### What to produce
After locating the line with "Petite piece measures" below, output it and each following line exactly, stopping after the line with "de agua claro.". No pictures.

### Records supplied
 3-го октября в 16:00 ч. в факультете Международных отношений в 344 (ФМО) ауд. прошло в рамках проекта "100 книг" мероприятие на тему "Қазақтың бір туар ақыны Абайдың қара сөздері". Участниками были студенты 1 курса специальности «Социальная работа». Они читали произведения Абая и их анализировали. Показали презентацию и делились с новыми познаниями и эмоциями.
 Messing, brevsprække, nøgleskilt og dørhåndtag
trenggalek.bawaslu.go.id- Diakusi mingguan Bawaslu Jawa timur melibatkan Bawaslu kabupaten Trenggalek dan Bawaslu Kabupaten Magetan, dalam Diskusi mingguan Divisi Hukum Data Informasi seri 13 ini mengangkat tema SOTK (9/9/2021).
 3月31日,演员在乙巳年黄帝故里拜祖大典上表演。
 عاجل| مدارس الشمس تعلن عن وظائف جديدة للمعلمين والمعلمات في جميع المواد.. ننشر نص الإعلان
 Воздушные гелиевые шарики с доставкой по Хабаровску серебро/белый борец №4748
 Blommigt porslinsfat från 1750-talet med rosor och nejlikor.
==
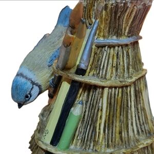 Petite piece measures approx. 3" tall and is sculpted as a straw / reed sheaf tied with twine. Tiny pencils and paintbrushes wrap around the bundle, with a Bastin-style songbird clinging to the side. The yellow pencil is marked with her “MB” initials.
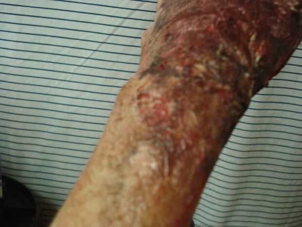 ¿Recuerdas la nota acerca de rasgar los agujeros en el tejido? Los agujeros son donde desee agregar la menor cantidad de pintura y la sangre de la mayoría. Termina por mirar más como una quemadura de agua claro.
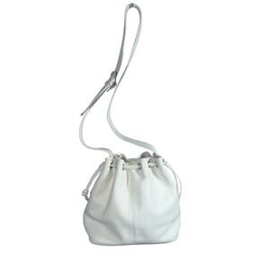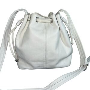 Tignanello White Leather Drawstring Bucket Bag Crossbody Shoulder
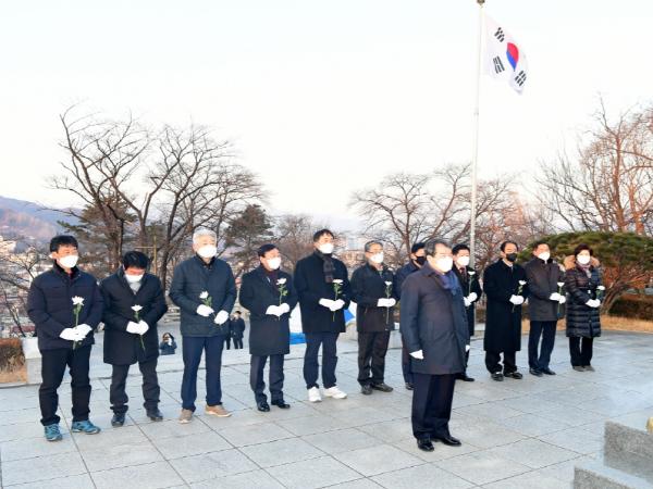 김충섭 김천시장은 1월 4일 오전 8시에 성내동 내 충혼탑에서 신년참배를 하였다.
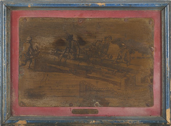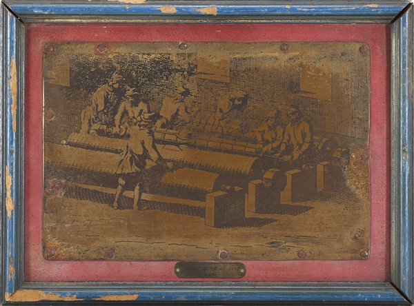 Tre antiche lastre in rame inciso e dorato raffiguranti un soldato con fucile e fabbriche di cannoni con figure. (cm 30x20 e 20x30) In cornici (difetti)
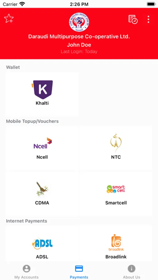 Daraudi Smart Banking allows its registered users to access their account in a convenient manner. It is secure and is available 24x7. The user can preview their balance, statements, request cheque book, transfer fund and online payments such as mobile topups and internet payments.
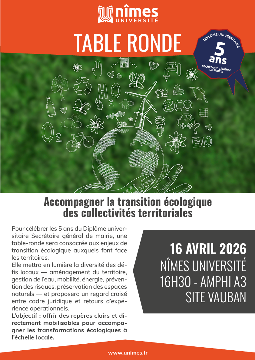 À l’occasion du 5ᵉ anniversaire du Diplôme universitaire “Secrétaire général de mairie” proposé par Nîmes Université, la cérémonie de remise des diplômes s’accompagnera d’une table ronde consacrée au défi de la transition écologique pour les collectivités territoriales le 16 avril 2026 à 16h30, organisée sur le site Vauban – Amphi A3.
--
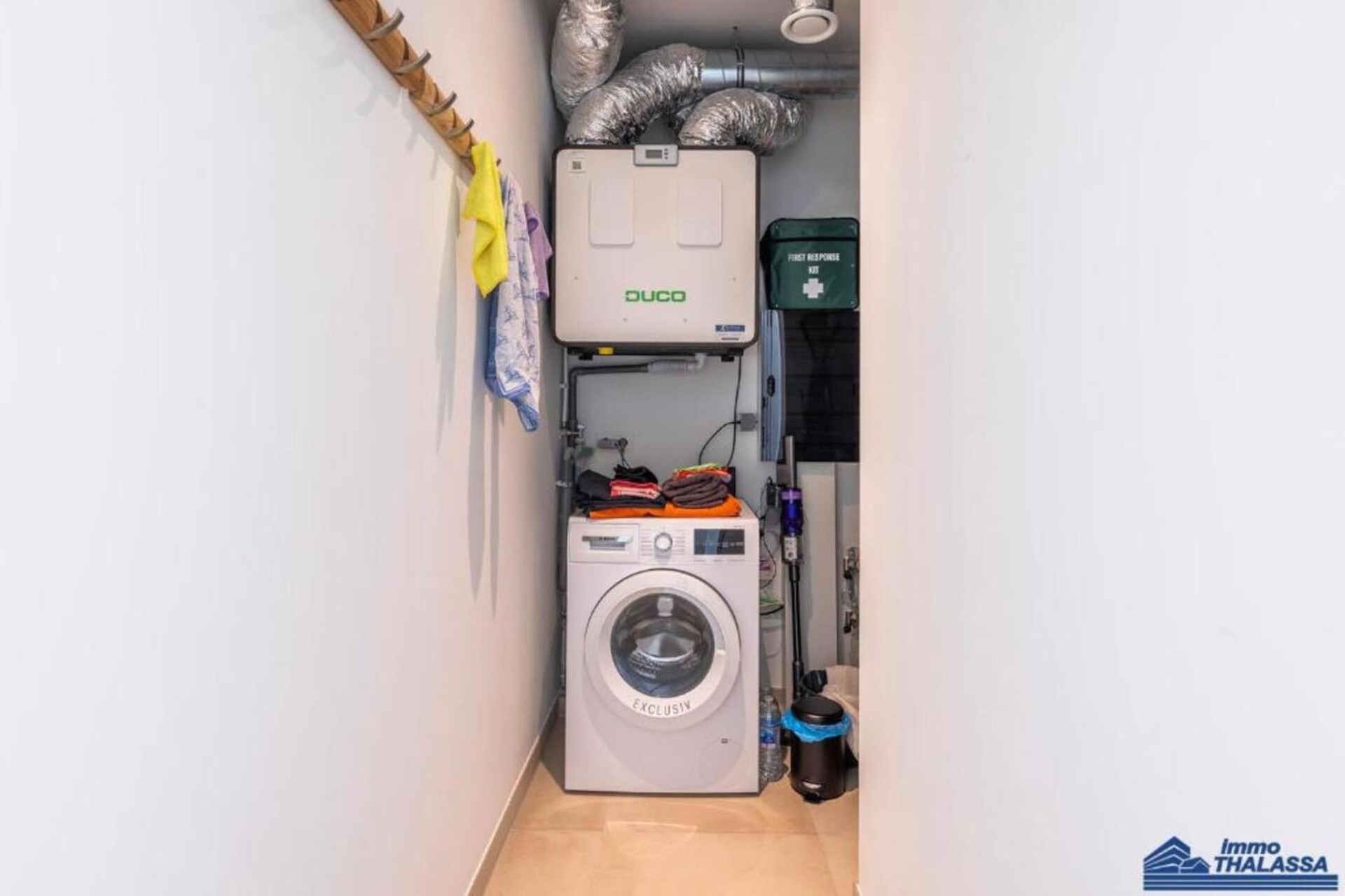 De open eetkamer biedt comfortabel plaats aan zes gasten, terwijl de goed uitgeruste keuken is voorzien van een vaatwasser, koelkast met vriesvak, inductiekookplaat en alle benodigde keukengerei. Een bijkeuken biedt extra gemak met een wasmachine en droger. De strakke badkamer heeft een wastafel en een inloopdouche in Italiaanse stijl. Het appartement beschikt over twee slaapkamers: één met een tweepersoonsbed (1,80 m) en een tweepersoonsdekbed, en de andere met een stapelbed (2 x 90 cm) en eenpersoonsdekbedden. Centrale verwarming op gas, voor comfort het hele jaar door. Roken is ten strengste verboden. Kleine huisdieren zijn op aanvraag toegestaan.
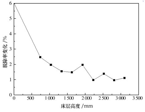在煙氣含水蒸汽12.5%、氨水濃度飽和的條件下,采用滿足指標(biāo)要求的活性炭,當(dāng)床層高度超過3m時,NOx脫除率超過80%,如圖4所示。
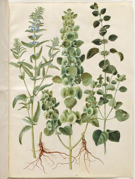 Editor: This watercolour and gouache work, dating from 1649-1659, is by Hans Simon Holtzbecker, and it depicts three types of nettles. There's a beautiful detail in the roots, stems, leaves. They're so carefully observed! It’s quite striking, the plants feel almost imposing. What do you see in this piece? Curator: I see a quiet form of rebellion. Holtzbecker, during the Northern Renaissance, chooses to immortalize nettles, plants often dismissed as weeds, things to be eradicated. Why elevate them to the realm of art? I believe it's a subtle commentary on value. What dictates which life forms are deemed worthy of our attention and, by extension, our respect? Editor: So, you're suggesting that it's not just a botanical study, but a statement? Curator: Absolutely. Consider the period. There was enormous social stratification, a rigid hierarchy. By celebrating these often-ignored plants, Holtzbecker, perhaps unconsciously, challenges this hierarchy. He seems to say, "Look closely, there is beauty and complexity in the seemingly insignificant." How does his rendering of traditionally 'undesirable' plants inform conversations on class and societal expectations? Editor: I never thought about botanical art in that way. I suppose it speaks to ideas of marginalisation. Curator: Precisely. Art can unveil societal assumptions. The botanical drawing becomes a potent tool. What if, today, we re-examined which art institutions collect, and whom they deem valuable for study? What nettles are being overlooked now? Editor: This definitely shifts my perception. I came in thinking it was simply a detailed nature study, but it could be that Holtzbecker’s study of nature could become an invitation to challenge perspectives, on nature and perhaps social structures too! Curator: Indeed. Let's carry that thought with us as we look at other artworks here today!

### Answer below
 Petite piece measures approx. 3" tall and is sculpted as a straw / reed sheaf tied with twine. Tiny pencils and paintbrushes wrap around the bundle, with a Bastin-style songbird clinging to the side. The yellow pencil is marked with her “MB” initials.
 ¿Recuerdas la nota acerca de rasgar los agujeros en el tejido? Los agujeros son donde desee agregar la menor cantidad de pintura y la sangre de la mayoría. Termina por mirar más como una quemadura de agua claro.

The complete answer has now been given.